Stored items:

################

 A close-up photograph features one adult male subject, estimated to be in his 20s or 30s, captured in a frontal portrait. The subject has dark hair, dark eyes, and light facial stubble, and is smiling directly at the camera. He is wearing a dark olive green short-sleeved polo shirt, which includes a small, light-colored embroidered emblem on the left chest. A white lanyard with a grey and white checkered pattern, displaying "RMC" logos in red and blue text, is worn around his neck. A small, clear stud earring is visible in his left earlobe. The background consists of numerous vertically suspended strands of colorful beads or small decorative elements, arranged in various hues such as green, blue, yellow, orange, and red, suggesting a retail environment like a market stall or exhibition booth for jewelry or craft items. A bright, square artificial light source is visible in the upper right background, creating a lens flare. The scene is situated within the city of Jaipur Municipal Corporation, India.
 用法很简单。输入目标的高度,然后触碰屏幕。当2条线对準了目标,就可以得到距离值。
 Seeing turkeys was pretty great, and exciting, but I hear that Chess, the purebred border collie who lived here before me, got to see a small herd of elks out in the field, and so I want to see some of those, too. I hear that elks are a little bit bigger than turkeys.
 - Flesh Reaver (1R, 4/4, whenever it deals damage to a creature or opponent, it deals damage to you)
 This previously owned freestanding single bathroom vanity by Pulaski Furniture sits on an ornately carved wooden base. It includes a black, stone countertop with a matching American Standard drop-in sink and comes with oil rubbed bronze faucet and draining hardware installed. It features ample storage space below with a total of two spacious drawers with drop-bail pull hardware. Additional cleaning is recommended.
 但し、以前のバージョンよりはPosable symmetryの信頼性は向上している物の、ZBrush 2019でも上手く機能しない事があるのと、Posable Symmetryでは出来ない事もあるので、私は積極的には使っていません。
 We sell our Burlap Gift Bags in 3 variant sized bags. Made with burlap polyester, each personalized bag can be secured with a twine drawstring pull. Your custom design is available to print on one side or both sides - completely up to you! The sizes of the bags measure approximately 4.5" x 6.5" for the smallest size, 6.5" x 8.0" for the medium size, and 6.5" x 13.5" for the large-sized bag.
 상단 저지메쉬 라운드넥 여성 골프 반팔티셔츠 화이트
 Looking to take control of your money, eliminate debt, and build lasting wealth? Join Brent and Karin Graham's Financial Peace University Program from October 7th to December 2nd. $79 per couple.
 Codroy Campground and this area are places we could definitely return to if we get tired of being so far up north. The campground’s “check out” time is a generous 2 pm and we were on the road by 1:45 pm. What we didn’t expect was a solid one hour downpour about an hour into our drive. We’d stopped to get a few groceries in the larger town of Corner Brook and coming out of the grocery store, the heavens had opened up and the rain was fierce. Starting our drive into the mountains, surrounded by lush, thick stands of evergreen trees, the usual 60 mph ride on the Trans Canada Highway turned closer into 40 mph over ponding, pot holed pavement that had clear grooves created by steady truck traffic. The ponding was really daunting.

################

GOAL OF THE EXERCISE: If the string "pull" appears in a line of the entries, report the line.

WRITTEN RESPONSE:
 This previously owned freestanding single bathroom vanity by Pulaski Furniture sits on an ornately carved wooden base. It includes a black, stone countertop with a matching American Standard drop-in sink and comes with oil rubbed bronze faucet and draining hardware installed. It features ample storage space below with a total of two spacious drawers with drop-bail pull hardware. Additional cleaning is recommended.
 We sell our Burlap Gift Bags in 3 variant sized bags. Made with burlap polyester, each personalized bag can be secured with a twine drawstring pull. Your custom design is available to print on one side or both sides - completely up to you! The sizes of the bags measure approximately 4.5" x 6.5" for the smallest size, 6.5" x 8.0" for the medium size, and 6.5" x 13.5" for the large-sized bag.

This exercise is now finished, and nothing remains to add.